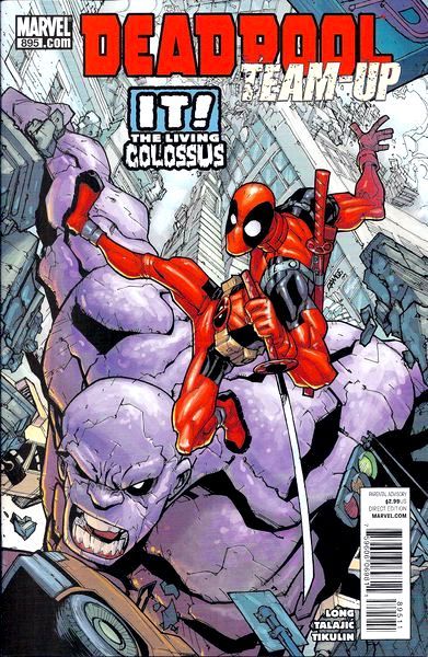 Written by CHRISTOPHER LONG Penciled by DALIBOR TALAJIC Cover by HUMBERTO RAMOS 'HARD AS ROCK'-Off the coast of the Gal?pagos Islands, something hideous, something so deliciously amoral has vanquished the tranquility and shattered the peace - DEADPOOL! The legend no one can forget has been missing for years?yes, we're talking about It! The Living Colossus, the 30-foot-tall stone statue brought to life by wheelchair-bound Robert 'Bob' O'Bryan. Enlisted by O'Bryan's niece, Deadpool takes a dive, plunging down to the ocean floor in search of the stone statue. But something more heinous than Deadpool's thoughts when he's watching lingerie football lurks in the ocean depths. And underwater, nobody can hear your hilarious one-liners! 32 PGS./Parental Advisory ?$2.99
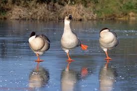 The term geese is normally used to refer to these birds in general, but more particularly a female. The term gander is generally used to refer to a male. The baby geese are referred to as goslings and a group of geese on the ground is called a gaggle with geese flying in formation being called a wedge or a skein.
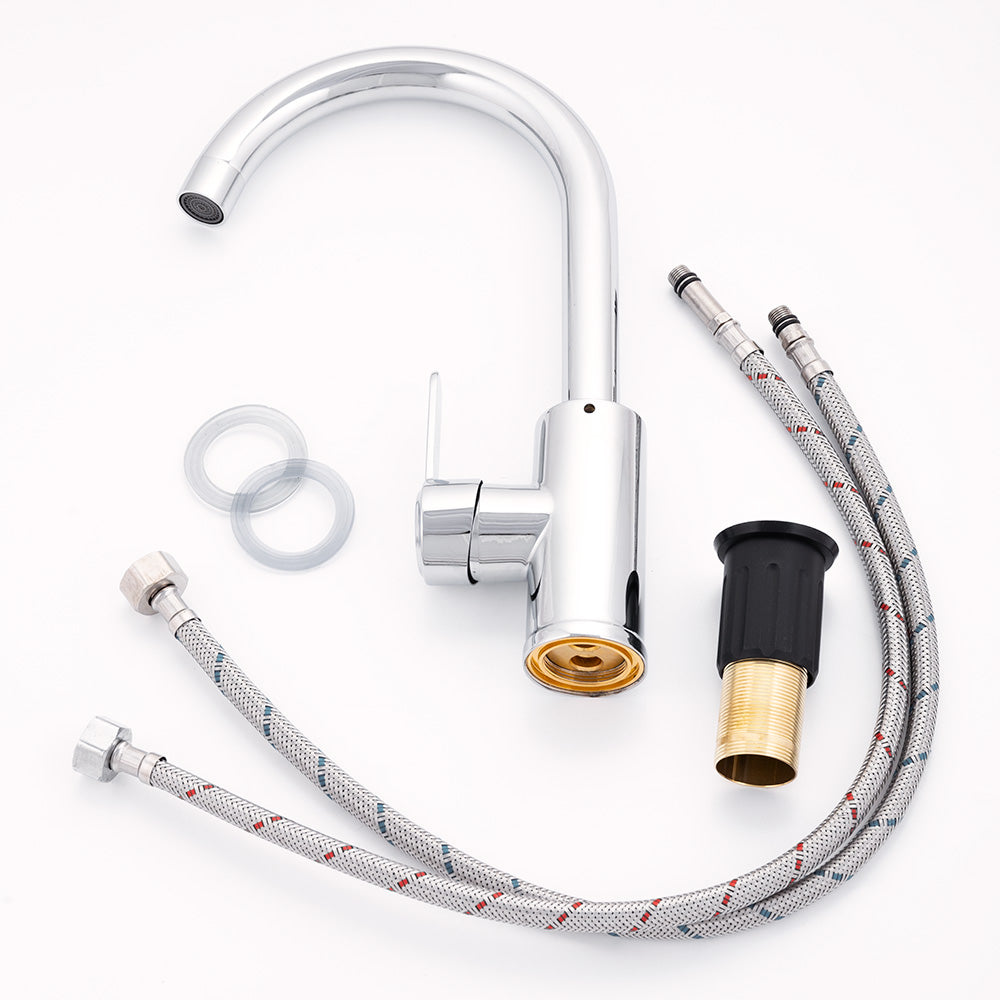 Rubinetto per lavabo Lega di zinco, cromo, acqua calda e fredda, tubi flessibili, bocca alta, maniglia singola [QLI-FA978]
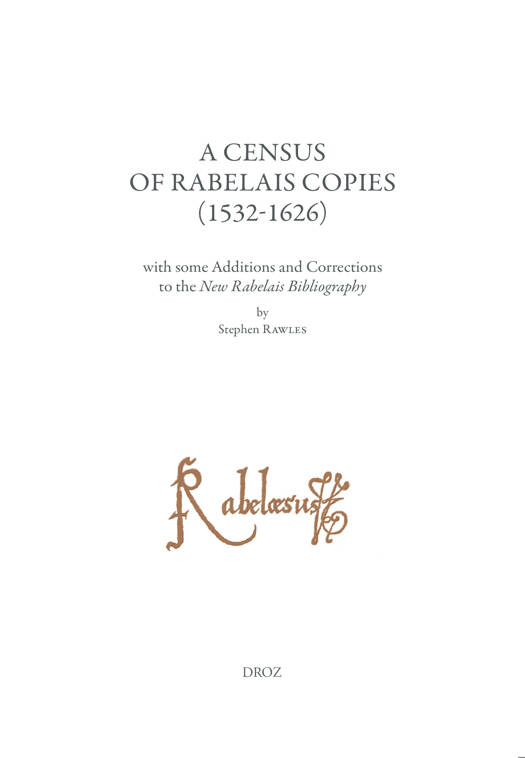 This Census of Rabelais Copies reflects the digital revolution in library cataloguing, incorporating a complete rechecking for early Rabelais copies, notably in the Worldcat database. Every copy recorded has been further verified in the catalogues of the individual libraries concerned. Alongside numerous corrections and additions to the 1987 publication, based on excellent bibliographical and more general scholarship, this Census increases the total number of known copies of Rabelais, dated between 1532 and 1626, and in public hands, from about 750 to nearly 1100, of which well over 100 are available for consultation on-line.
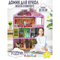 Деревянный 3-х этажный игровой кукольный дом цветной для девочек. Такой игрушечный домик украсит любой детский праздник и день рождения, такая игрушка подарок-мечта любой девочки. Мебель в кукольный домик входит в набор. Дом для кукол мечта каждой девочки, изготовлен из чистого и безопасного материала - ХДФ, толщиной 3 мм. Собирается между собой в пазы, как конструктор, без клея. Продается в разобранном виде с пошаговой инструкцией. Большой кукольный домик впишется в интерьер любой детской комнаты. Лучше всего для такого дома подходят куколки и герои ваших любимых мультфильмов высотой до 30 см. Уютный, яркий дом просторный для игры с куклами и вместительный для мебели. Деревянный домик c балконом, кухонной мебелью, ванной комнатой и спальней с кроватями. Детали продуманы до мелочей!
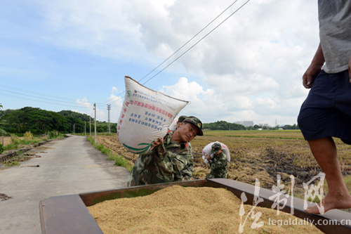 ????據(jù)悉,眼下正是稻谷收割農忙季節(jié),廣東中山邊防支隊沙頭涌邊防派出所官兵每年定期來到田間地頭,解決駐地農戶勞動力不足的問題,并與他們一起分享豐收的快樂。(肖亭)
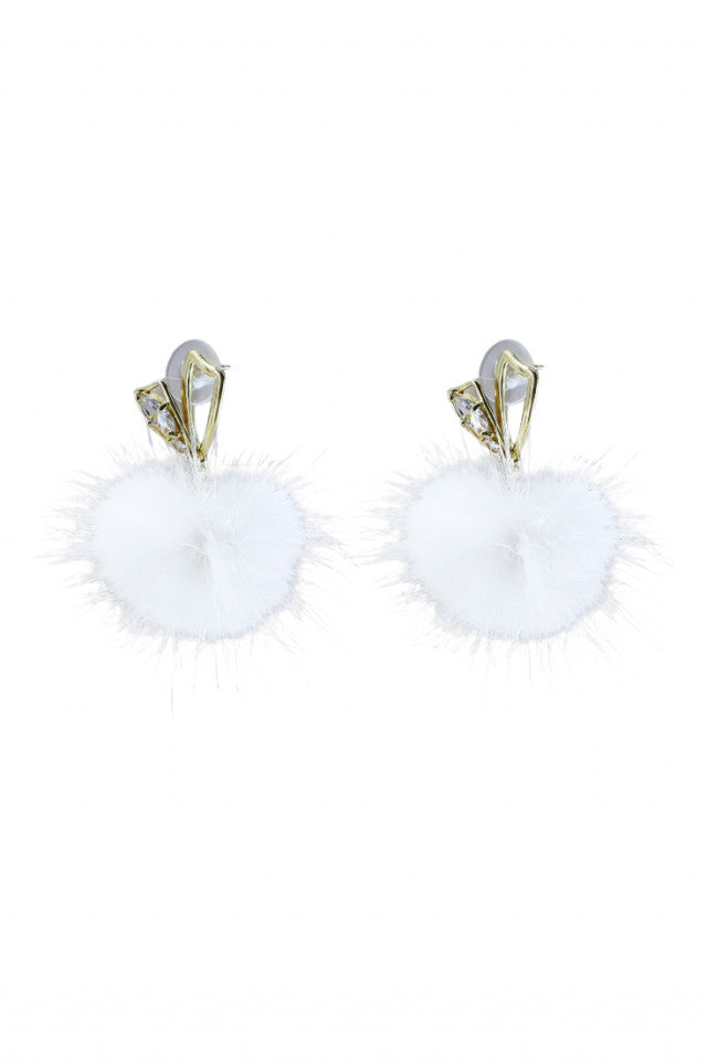 Cercei dama, Puf, Zirconiu, Otel inoxidabil, NO1390, 4.5 cm, Alb
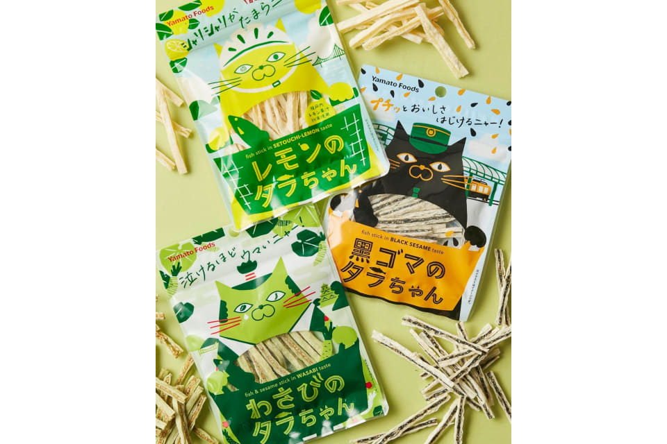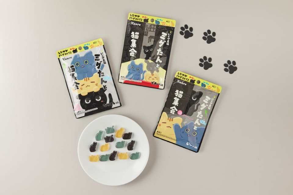 猫のしなやかな動きに着想を得た、しなやかでハードな食感のグミ。黒猫ミグたん(コーラ味)、茶猫ミーたん(レモンスカッシュ味)、ブルーグレー猫グーたん(ソーダ味)の3種類が入っている。
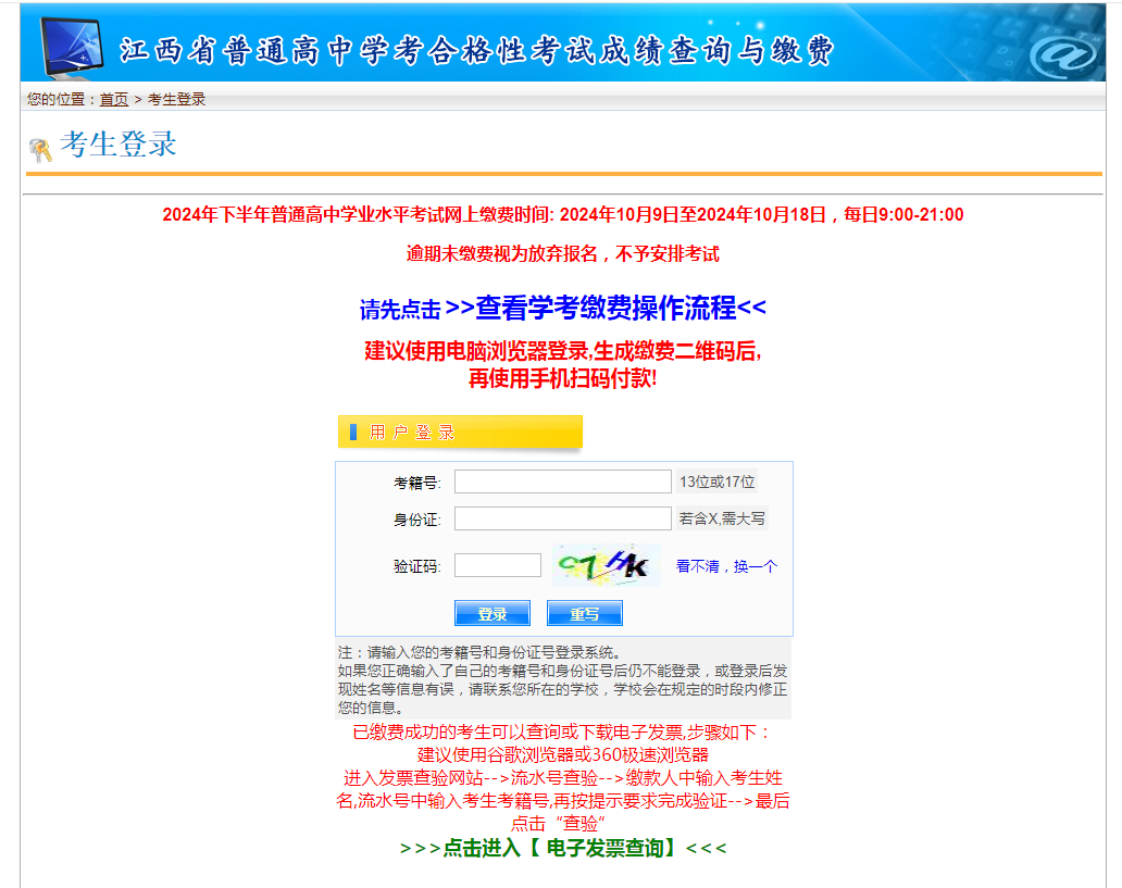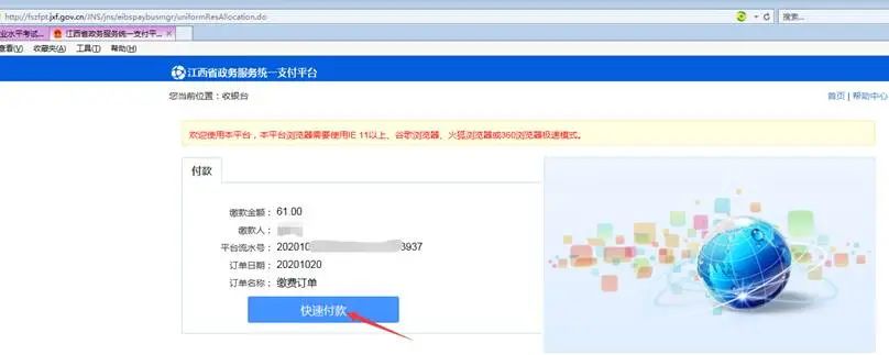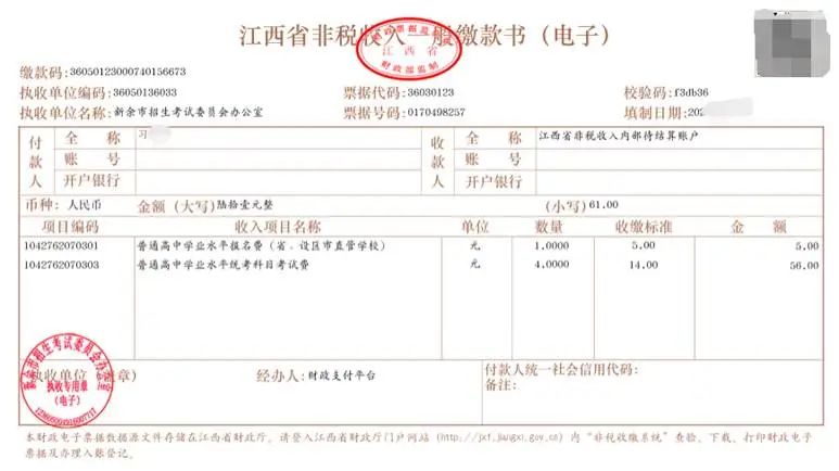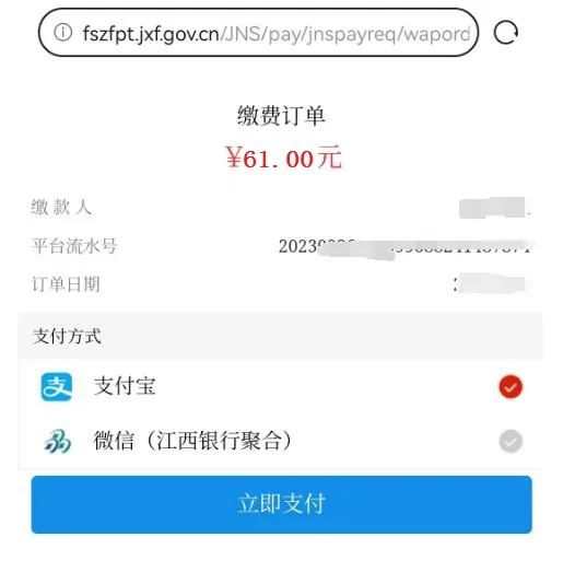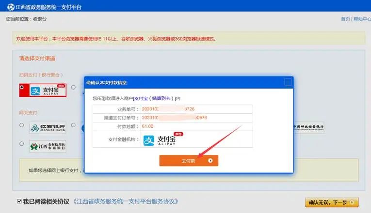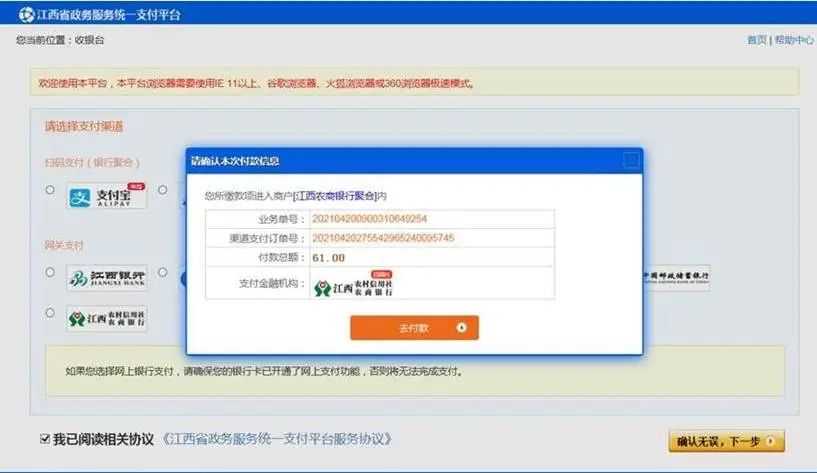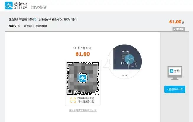 (1)选择付款方式进行付款,建议使用选择“扫码支付”(支付宝),也可以选择其他扫码方式(微信支付):江西银行、江西农商银行、江西邮政储蓄银行,可微信支付。

----

* WHAT NEEDS TO BE DONE *
Leave out the pictures; repeat the data exactly.

* EXERCISE RESULT *
 Written by CHRISTOPHER LONG Penciled by DALIBOR TALAJIC Cover by HUMBERTO RAMOS 'HARD AS ROCK'-Off the coast of the Gal?pagos Islands, something hideous, something so deliciously amoral has vanquished the tranquility and shattered the peace - DEADPOOL! The legend no one can forget has been missing for years?yes, we're talking about It! The Living Colossus, the 30-foot-tall stone statue brought to life by wheelchair-bound Robert 'Bob' O'Bryan. Enlisted by O'Bryan's niece, Deadpool takes a dive, plunging down to the ocean floor in search of the stone statue. But something more heinous than Deadpool's thoughts when he's watching lingerie football lurks in the ocean depths. And underwater, nobody can hear your hilarious one-liners! 32 PGS./Parental Advisory ?$2.99
 The term geese is normally used to refer to these birds in general, but more particularly a female. The term gander is generally used to refer to a male. The baby geese are referred to as goslings and a group of geese on the ground is called a gaggle with geese flying in formation being called a wedge or a skein.
 Rubinetto per lavabo Lega di zinco, cromo, acqua calda e fredda, tubi flessibili, bocca alta, maniglia singola [QLI-FA978]
 This Census of Rabelais Copies reflects the digital revolution in library cataloguing, incorporating a complete rechecking for early Rabelais copies, notably in the Worldcat database. Every copy recorded has been further verified in the catalogues of the individual libraries concerned. Alongside numerous corrections and additions to the 1987 publication, based on excellent bibliographical and more general scholarship, this Census increases the total number of known copies of Rabelais, dated between 1532 and 1626, and in public hands, from about 750 to nearly 1100, of which well over 100 are available for consultation on-line.
 Деревянный 3-х этажный игровой кукольный дом цветной для девочек. Такой игрушечный домик украсит любой детский праздник и день рождения, такая игрушка подарок-мечта любой девочки. Мебель в кукольный домик входит в набор. Дом для кукол мечта каждой девочки, изготовлен из чистого и безопасного материала - ХДФ, толщиной 3 мм. Собирается между собой в пазы, как конструктор, без клея. Продается в разобранном виде с пошаговой инструкцией. Большой кукольный домик впишется в интерьер любой детской комнаты. Лучше всего для такого дома подходят куколки и герои ваших любимых мультфильмов высотой до 30 см. Уютный, яркий дом просторный для игры с куклами и вместительный для мебели. Деревянный домик c балконом, кухонной мебелью, ванной комнатой и спальней с кроватями. Детали продуманы до мелочей!
 ????據(jù)悉,眼下正是稻谷收割農忙季節(jié),廣東中山邊防支隊沙頭涌邊防派出所官兵每年定期來到田間地頭,解決駐地農戶勞動力不足的問題,并與他們一起分享豐收的快樂。(肖亭)
 Cercei dama, Puf, Zirconiu, Otel inoxidabil, NO1390, 4.5 cm, Alb
 猫のしなやかな動きに着想を得た、しなやかでハードな食感のグミ。黒猫ミグたん(コーラ味)、茶猫ミーたん(レモンスカッシュ味)、ブルーグレー猫グーたん(ソーダ味)の3種類が入っている。
 (1)选择付款方式进行付款,建议使用选择“扫码支付”(支付宝),也可以选择其他扫码方式(微信支付):江西银行、江西农商银行、江西邮政储蓄银行,可微信支付。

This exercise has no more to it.